There are a number of changes your body will go through over the next 6 weeks. These occur whether you had a cesarean section or vaginal delivery.

Uterus – It takes about 6 weeks for the uterus to return to your pre-pregnancy size. The uterus should remain firm and will gradually get lower in your abdomen. To maintain firmness, massage the fundus and keep the bladder emptied. Cramping is normal, especially with breastfeeding.

Lochia – Vaginal flow (lochia) will gradually decrease and become lighter in color over approximately 4-8 weeks. First it will be dark red with clots, then pink, then white in color.

Menses – Return of ovulation varies, but ovulation may resume before your first normal period, so use birth control if sexually active. Your physician will discuss birth control options with you at your 6 week visit.

Urination – Occasional leakage of urine is common; this usually resolves. Do Kegel exercises to help strengthen the pelvic muscles after delivery.

Bowel Movements – It may take several days to resume normal bowel movements. Constipation is common after pregnancy and the use of certain medications may exacerbate constipation. Drink plenty of water, eat fiber-rich foods, and take a stool softener if needed to avoid constipation. Hemorrhoids are common after delivery and take several weeks to resolve. You may use Tucks pads/Preparation-H to ease the discomfort.

Circulation – Mild anemia is common after delivery. Continue to take prenatal vitamins and use iron if instructed by your physician. Swelling, especially in the feet and legs, is to be expected. If you develop redness or pain in either leg or asymmetric swelling, notify your physician so that you can be evaluated for a blood clot in the vein.

Mood – Feelings of depression are normal after delivery. Notify your physician if these feelings last longer than several days or if you are unable to cope.
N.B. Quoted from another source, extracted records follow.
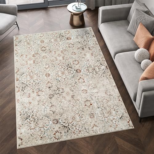 Tapis Retro Tapis Vintage Beige Marron Gris Ornamental Flora...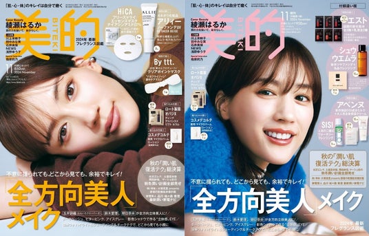 穏やかで自然体、そして唯一無二の清らかな美しさで多くの人を魅了し続ける綾瀬はるかさんが、『美的』表紙に登場! 11月号ということで、秋色&秋素材の衣装に身を包み、“ナチュラル美人” 際立つ「通常版」「付録違い版」2パターンの撮り下ろし写真をお届けします。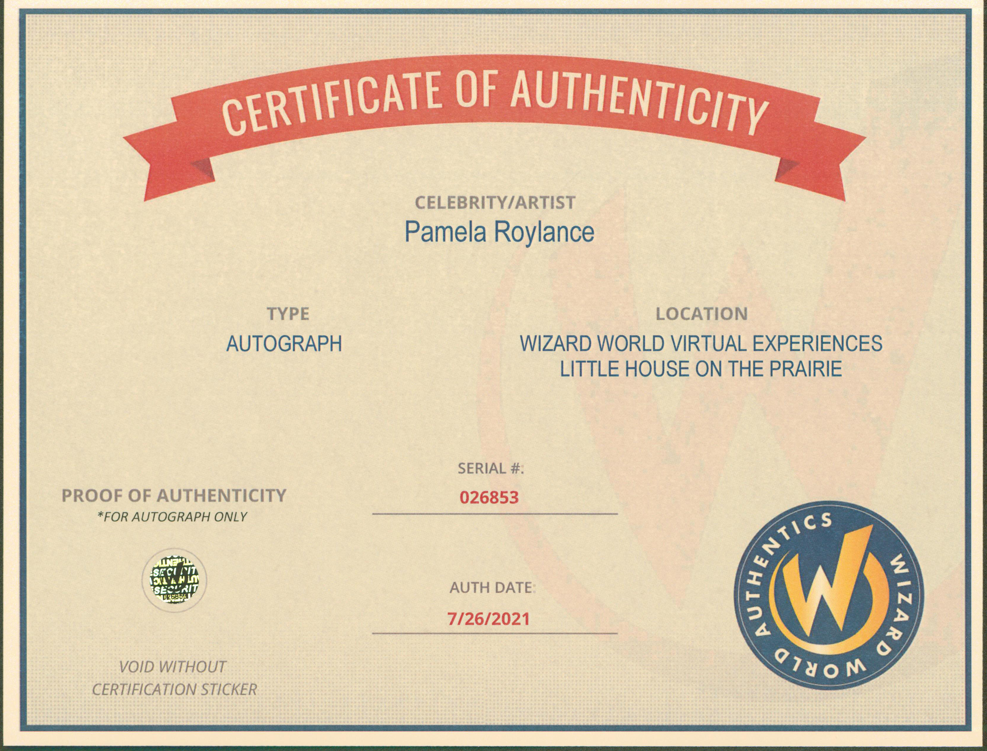 This Autographed 8x10 Photo has been Personally Signed by Pamela Roylance of Little House on the Prairie. This item is 100% Authentic to include a Certificate of Authenticity (COA) / hologram by Wizard World Authentics. A Wizard World Authentics representative was present when this item was being signed, the date of the signing is notated on the COA. We have multiples of this same item. While the photographs are representative of this item, the size, placement and strength of the signature may vary. Each item is hand signed, therefore, each autograph is unique.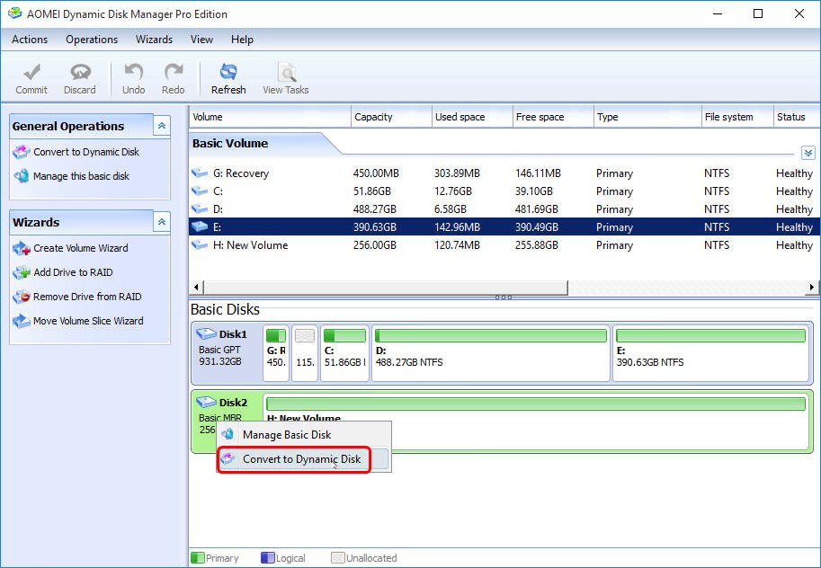 AOMEI Partition Assistant Professional es la forma más fiable y flexible de convertir un disco entre básico y dinámico sin perder datos. Es un completo y potente software de gestión de discos dinámicos o básicos y volúmenes dinámicos para Windows 2000/7/8/8.1/10.

Breasts – Breast changes are common after delivery. Wear a supportive bra. Watch for engorgement (fullness and tenderness) even if not breastfeeding. Apply ice packs and take pain medication to relieve the pain of engorgement. If pain, redness, fever or severe tenderness develop, contact your physician so you can be evaluated for mastitis (infection of the breast). If you have difficulty breastfeeding, please contact the lactation consultants or our office for assistance.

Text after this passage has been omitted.